■ Work item: Transcribe all of the data verbatim, please, and leave out its pictures.

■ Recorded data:
────────────────

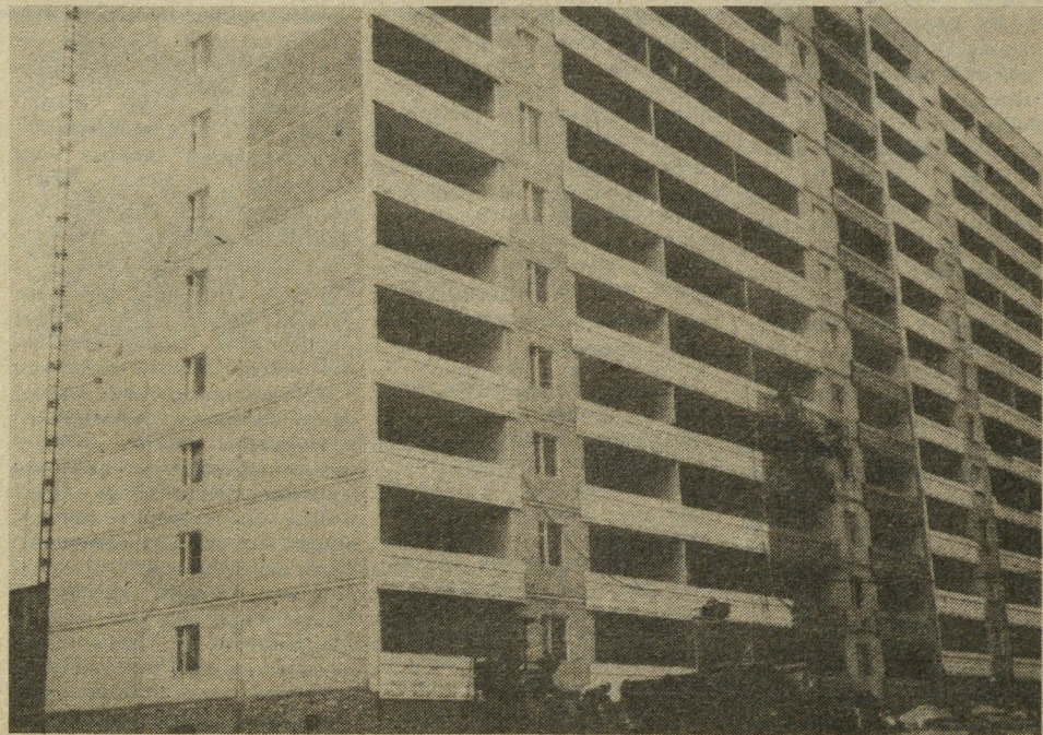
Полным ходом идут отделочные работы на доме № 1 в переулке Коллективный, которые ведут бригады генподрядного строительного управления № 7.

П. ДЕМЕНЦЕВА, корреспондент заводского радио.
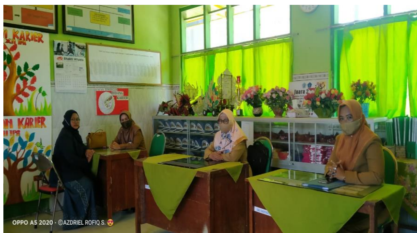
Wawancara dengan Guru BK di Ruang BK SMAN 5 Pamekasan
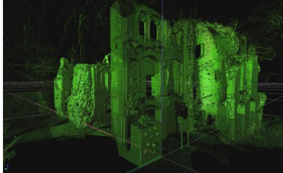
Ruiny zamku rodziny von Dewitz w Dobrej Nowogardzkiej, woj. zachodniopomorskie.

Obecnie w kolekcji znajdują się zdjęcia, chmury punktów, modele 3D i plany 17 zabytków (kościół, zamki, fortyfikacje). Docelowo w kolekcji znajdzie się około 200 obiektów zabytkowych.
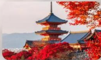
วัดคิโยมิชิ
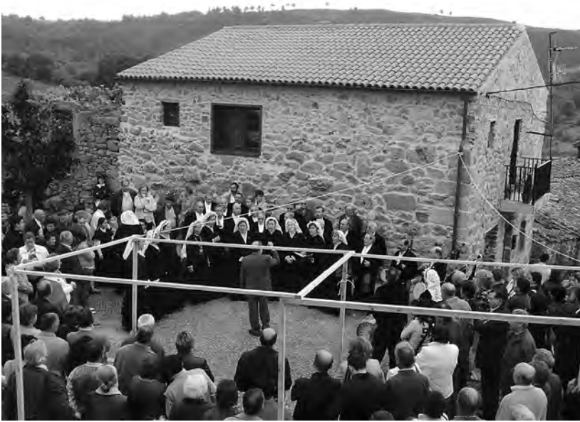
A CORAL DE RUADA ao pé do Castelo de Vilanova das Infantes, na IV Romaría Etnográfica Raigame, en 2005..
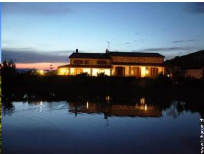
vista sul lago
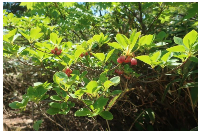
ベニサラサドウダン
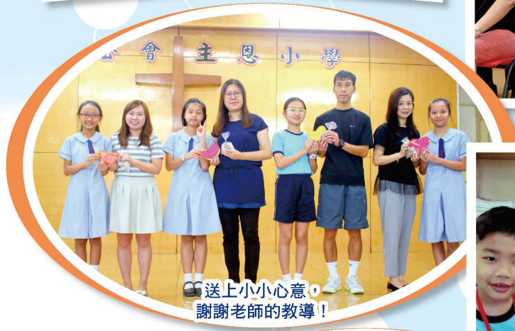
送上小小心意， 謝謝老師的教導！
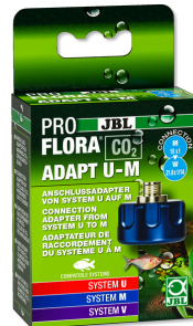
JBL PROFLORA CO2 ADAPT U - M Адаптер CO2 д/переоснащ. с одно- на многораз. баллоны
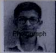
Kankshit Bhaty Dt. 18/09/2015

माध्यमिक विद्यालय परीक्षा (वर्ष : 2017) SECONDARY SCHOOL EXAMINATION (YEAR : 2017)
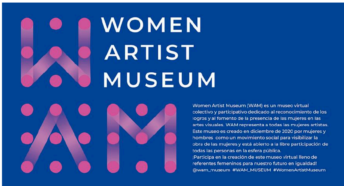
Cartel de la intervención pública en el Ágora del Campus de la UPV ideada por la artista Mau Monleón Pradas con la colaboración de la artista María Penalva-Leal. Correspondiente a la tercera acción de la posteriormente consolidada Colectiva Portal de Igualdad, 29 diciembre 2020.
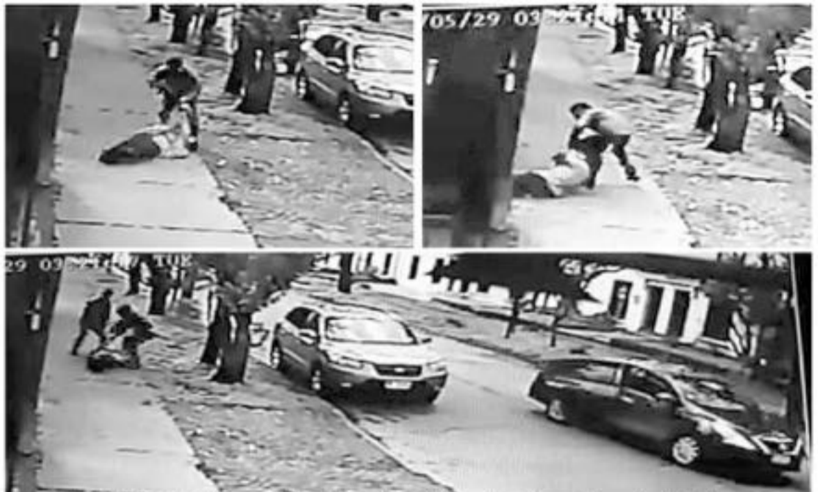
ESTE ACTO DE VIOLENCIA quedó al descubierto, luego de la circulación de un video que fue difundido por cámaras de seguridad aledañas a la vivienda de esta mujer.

────────────────

■ Solution to this problem:
Полным ходом идут отделочные работы на доме № 1 в переулке Коллективный, которые ведут бригады генподрядного строительного управления № 7.

П. ДЕМЕНЦЕВА, корреспондент заводского радио.
Wawancara dengan Guru BK di Ruang BK SMAN 5 Pamekasan
Ruiny zamku rodziny von Dewitz w Dobrej Nowogardzkiej, woj. zachodniopomorskie.

Obecnie w kolekcji znajdują się zdjęcia, chmury punktów, modele 3D i plany 17 zabytków (kościół, zamki, fortyfikacje). Docelowo w kolekcji znajdzie się około 200 obiektów zabytkowych.
วัดคิโยมิชิ
A CORAL DE RUADA ao pé do Castelo de Vilanova das Infantes, na IV Romaría Etnográfica Raigame, en 2005..
vista sul lago
ベニサラサドウダン
送上小小心意， 謝謝老師的教導！
JBL PROFLORA CO2 ADAPT U - M Адаптер CO2 д/переоснащ. с одно- на многораз. баллоны
Kankshit Bhaty Dt. 18/09/2015

माध्यमिक विद्यालय परीक्षा (वर्ष : 2017) SECONDARY SCHOOL EXAMINATION (YEAR : 2017)
Cartel de la intervención pública en el Ágora del Campus de la UPV ideada por la artista Mau Monleón Pradas con la colaboración de la artista María Penalva-Leal. Correspondiente a la tercera acción de la posteriormente consolidada Colectiva Portal de Igualdad, 29 diciembre 2020.
ESTE ACTO DE VIOLENCIA quedó al descubierto, luego de la circulación de un video que fue difundido por cámaras de seguridad aledañas a la vivienda de esta mujer.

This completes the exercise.